Река была по правую сторону от хижины, — где как раз и находились выпуклые огородные грядки, — и немного ниже по склону холма. Она была красивого нефритового цвета, и, судя по некоторым участкам, где течение замедлялось, а вода становилась темно-зеленой и даже почти черной, в ней были места достаточно глубокие, чтобы там можно было купаться.
Снаружи хижина выглядела симпатично, с этими ее ставнями и ящиками для цветов под окнами.
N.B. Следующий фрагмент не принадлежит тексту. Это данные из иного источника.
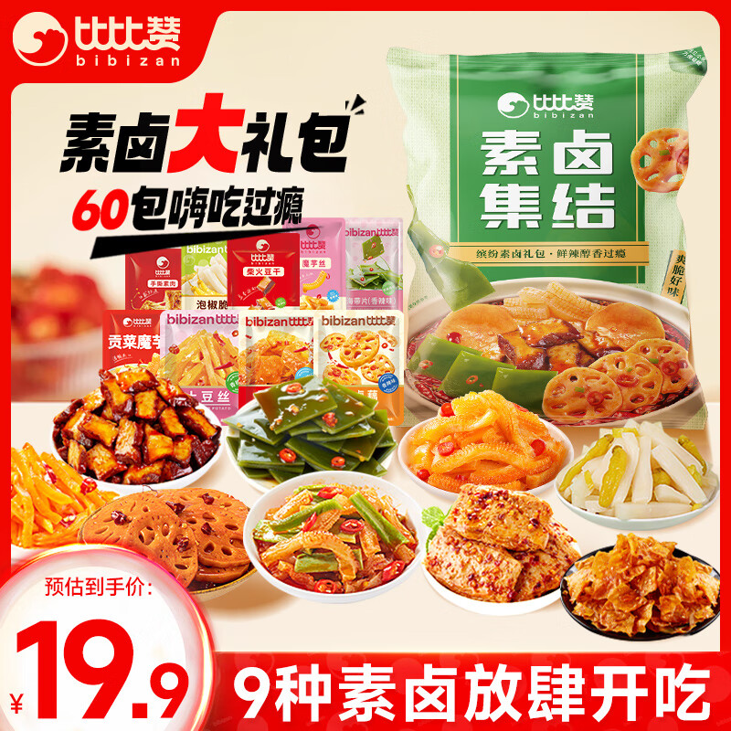 比比赞(BIBIZAN)素卤礼包60包魔芋海带脆笋即食素食卤味休闲零食团购送礼630g

Под навесом переднего крыльца бок о бок стояли два кресла-качалки. Возможно, эту хижину несколько лет назад построили муж и жена. Я подумала о женщине, которой нравились ящики для цветов под окнами и которая привезла сюда землю для огорода. Интересно, что бы она подумала, если бы узнала, кто живет в ее хижине сейчас.
На огороде и началась моя активная трудовая деятельность. Выродок начал выпускать меня на улицу, — под своим присмотром, разумеется, — чтобы я поливала и полола грядки с овощами, которые выглядели просто здорово, и я могла весь день работать на свежем воздухе. Меня даже не расстраивало, когда он замечал, что я сделала что-то не так, и заставлял все переделывать, потому что это означало, что я могу находиться вне дома еще дольше. Копаться в прохладной грязи, — холод которой я чувствовала даже через резиновые перчатки, которые он заставлял меня надевать, чтобы уберечь мои идеальные ногти, — и вдыхать запах свежеразрытой земли все равно было намного лучше, чем сидеть с ним взаперти в хижине.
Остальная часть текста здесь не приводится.